Тень прошла по ее лицу, когда она вновь повторила для оптимизма: «Свободна!» Нежданная свобода от «Эрикссона» закрепощала ее несвободу от Руфата. Руфат, обезумевший от любви и ревности, уже неоднократно склонял ее к замужеству – от этого она, разумеется, отказывалась. Ему также не удалось поработить ее экономически – она принимала материальные вклады в свою жизнь только цветами и недорогими подарками. Становиться восточной пленницей претило ее славянской душе. Однако же все ее попытки свести отношения с Руфатом до ровного и ненавязчивого дружества проваливались. Руфат устраивал сцены, страшно вращал черными глазами, сжимал поросшие волосом кулаки – он становился страшен в этот миг. Потом он вдруг терял весь свой пыл, забивался в угол, и на его чувственные, красивые глаза набегали детские слезы. Ее сердце не выдерживало, она подходила к нему, обнимала за голову, он прижимался к ней, целовал ей руки. Она тоже плакала в унисон с ним и думала: «Черт побери, как же меня утомили эти мыльные оперы!» Отношения с Руфатом явно изжили себя. Было время – он ее радовал своей беззаботностью, своим солнечным восточным темпераментом, истинно восточным мастерством ухаживать за женщиной и, конечно, своей ревностью, которая бывала ей умилительна и сообщала их отношениям истинно юношескую страстность. Но со временем и юношество это стало казаться ей инфантильным, и методы ухаживания стали отдавать однообразием, и в его темпераменте она стала видеть одно лишь мужланство. Эти отношения, в основе которых лежала чувственность, стали скучны враз, как только его объятия и поцелуи стали обыденностью, повторяющимся эпизодом ночного быта.

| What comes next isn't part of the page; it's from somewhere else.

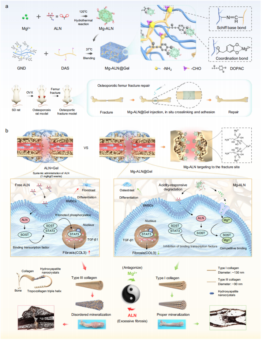 本研究提出了一种基于镁-阿仑膦酸盐(Mg-ALN)金属有机框架(MOF)水凝胶的创新策略,以应对当前骨质疏松性骨折治疗的挑战。该水凝胶作为一种可注射、可生物降解的骨粘合剂,不仅能够紧密贴合不规则骨表面以提供力学支撑,还能在骨质疏松相关的酸性微环境中响应性降解,逐步释放Mg2+和双膦酸BPs。与传统治疗策略(主要依赖破骨细胞抑制以减少骨吸收)不同,本研究提出的方法同时整合了抗骨质疏松和抗纤维化双重机制,从而优化骨折修复效果。尤为重要的是,研究首次证实,释放的Mg2+可通过竞争性结合硬化蛋白(SOST)并阻断SOST/TGF-β信号通路,有效抑制成纤维细胞的过度活化,从而调控纤维化进程。这一机制不仅显著减少纤维化形成,还为促进骨基质适当矿化和骨折愈合提供了关键调控靶点。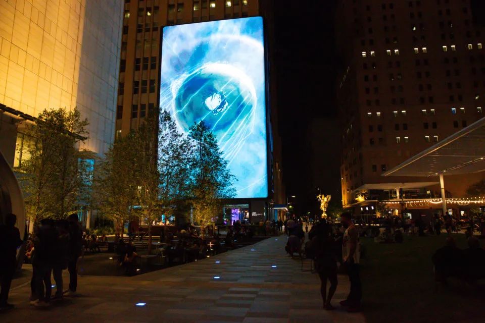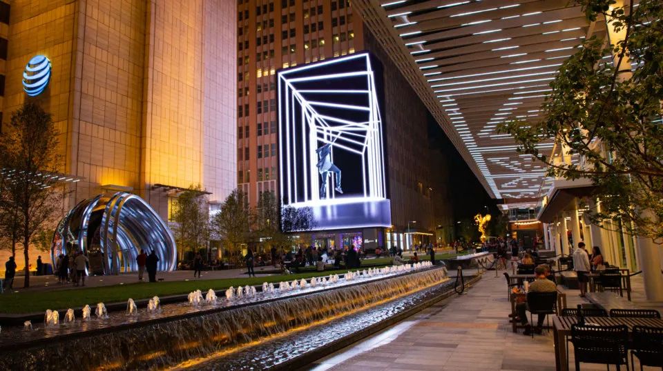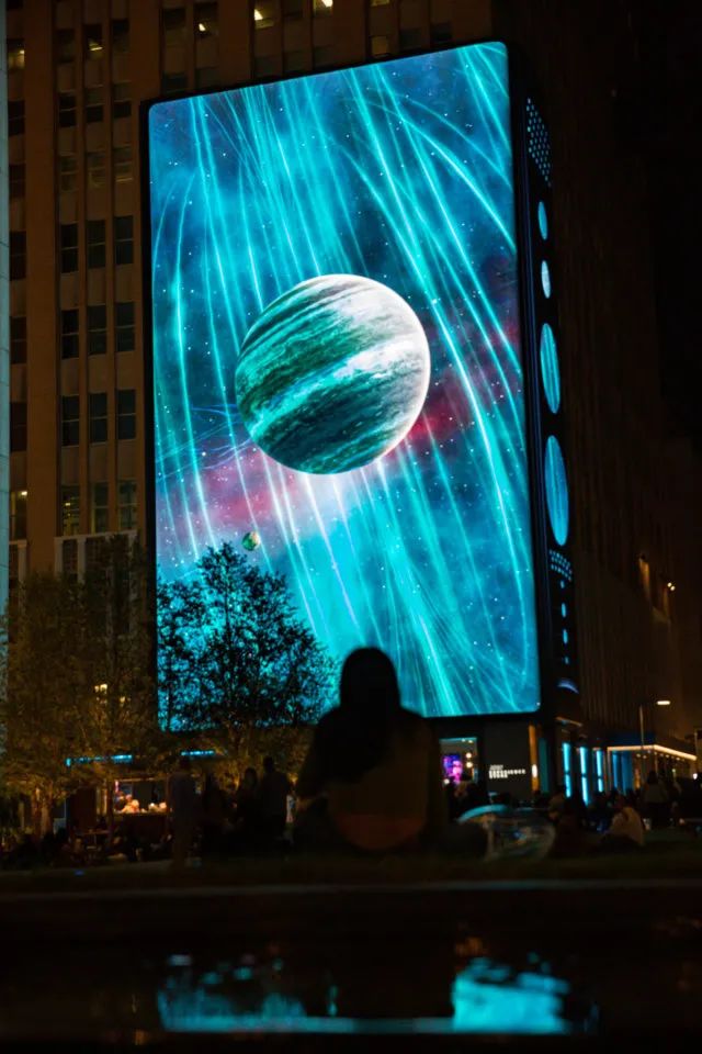 AT&T 和全球建筑公司 Gensler 邀请 Moment Factory 的创意和技术团队在达拉斯市中心(AT&TDiscovery District)建立沉浸式和引人入胜的多媒体体验。将 The District 作为一个结合物理和数字世界的公共空间,创建反映实时信息(包括一天中的时间、天气和季节)的动态视觉内容。

«Крым!» – решила она. Ее спасет Крым. Персиковые косточки в песке, пользительный для щитовидки морской йод, голозагорелые пляжники, фото с обезьянкой и искусственной пальмой. И без Руфата. Она знала, что дела не позволят ему оставить Москву. Две или даже три недели на море помогут решить проблему.
Она купила масло от загара, плавательные очки, кричащего цвета панаму и яркий купальник. В Крыму она сможет жить, как королева. Завтра же, пользуясь связями «Эрикссона», она закажет лучшую гостиницу Ялты, лучший номер с видом на море, билет «СВ» до Симферополя.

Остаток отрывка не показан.